> **Data records**:
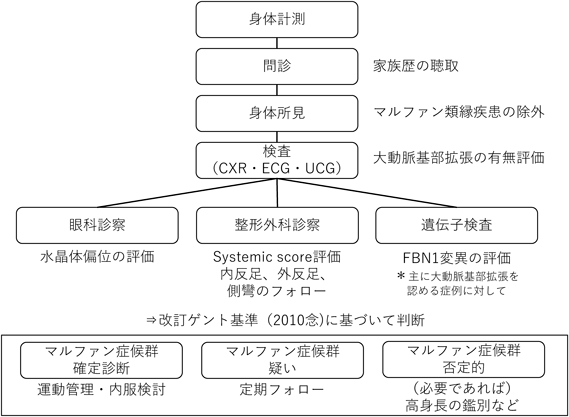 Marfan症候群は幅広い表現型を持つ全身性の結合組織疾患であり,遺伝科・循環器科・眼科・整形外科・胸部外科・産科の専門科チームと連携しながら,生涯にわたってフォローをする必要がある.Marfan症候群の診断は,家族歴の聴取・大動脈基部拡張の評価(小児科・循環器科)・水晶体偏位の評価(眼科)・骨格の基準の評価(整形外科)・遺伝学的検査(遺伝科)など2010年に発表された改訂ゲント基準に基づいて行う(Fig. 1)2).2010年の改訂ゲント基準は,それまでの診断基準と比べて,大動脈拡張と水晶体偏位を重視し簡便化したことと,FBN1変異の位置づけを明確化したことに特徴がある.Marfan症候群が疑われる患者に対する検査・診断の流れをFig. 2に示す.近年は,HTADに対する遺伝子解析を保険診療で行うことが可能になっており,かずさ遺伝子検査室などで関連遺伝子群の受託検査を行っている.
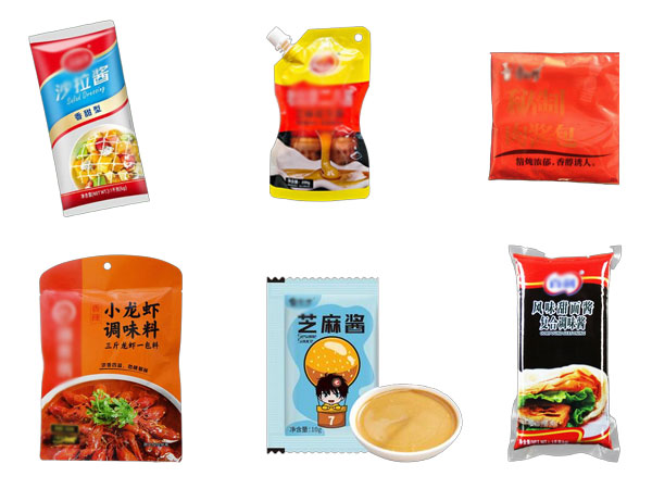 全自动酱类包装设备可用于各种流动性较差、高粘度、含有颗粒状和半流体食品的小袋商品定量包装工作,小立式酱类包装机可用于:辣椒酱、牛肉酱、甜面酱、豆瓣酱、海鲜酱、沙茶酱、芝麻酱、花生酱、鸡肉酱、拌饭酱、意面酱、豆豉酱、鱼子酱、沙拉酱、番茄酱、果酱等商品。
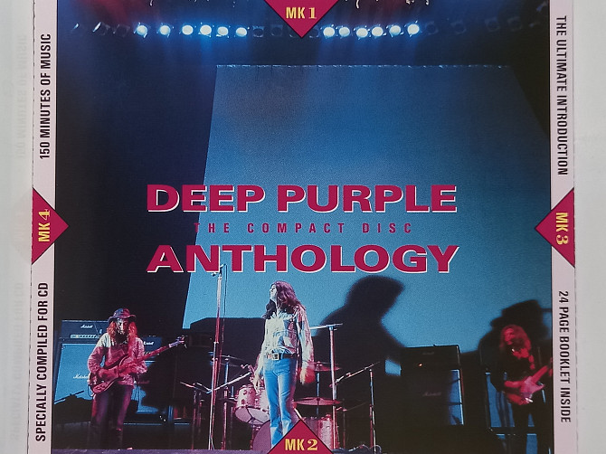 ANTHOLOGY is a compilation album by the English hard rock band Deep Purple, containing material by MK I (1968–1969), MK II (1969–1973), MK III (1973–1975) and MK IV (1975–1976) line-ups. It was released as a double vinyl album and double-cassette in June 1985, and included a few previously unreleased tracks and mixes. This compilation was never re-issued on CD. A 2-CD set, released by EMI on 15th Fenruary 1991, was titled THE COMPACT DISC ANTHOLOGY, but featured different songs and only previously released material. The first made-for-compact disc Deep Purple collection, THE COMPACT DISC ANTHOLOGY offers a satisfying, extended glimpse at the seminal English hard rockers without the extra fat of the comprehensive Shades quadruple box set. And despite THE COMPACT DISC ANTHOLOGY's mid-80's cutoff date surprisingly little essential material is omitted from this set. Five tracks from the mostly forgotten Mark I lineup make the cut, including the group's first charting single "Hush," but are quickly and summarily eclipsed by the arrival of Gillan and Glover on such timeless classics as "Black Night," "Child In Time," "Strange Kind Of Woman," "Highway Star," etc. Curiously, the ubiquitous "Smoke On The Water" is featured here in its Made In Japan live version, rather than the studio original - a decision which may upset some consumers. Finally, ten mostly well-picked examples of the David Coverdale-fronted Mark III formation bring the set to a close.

==

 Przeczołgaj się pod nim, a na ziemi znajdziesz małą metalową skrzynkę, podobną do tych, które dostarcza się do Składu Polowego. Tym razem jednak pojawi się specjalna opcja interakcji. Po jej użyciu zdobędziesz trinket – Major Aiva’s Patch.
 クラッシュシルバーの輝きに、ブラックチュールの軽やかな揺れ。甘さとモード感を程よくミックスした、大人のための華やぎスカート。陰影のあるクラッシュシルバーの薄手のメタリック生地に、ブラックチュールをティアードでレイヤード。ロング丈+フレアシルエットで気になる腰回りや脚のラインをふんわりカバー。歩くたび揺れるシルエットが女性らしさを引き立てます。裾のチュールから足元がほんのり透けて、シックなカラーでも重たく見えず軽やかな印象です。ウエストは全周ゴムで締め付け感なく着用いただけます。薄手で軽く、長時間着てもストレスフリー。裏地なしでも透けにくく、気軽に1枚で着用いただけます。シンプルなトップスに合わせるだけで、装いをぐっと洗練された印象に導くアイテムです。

> **Problem details**:
Given the records above, reproduce precisely and only the lines between the line holding "Przeczołgaj się pod" and the line holding "クラッシュシルバーの輝きに、", inclusive.

> **Problem solution**:
 Przeczołgaj się pod nim, a na ziemi znajdziesz małą metalową skrzynkę, podobną do tych, które dostarcza się do Składu Polowego. Tym razem jednak pojawi się specjalna opcja interakcji. Po jej użyciu zdobędziesz trinket – Major Aiva’s Patch.
 クラッシュシルバーの輝きに、ブラックチュールの軽やかな揺れ。甘さとモード感を程よくミックスした、大人のための華やぎスカート。陰影のあるクラッシュシルバーの薄手のメタリック生地に、ブラックチュールをティアードでレイヤード。ロング丈+フレアシルエットで気になる腰回りや脚のラインをふんわりカバー。歩くたび揺れるシルエットが女性らしさを引き立てます。裾のチュールから足元がほんのり透けて、シックなカラーでも重たく見えず軽やかな印象です。ウエストは全周ゴムで締め付け感なく着用いただけます。薄手で軽く、長時間着てもストレスフリー。裏地なしでも透けにくく、気軽に1枚で着用いただけます。シンプルなトップスに合わせるだけで、装いをぐっと洗練された印象に導くアイテムです。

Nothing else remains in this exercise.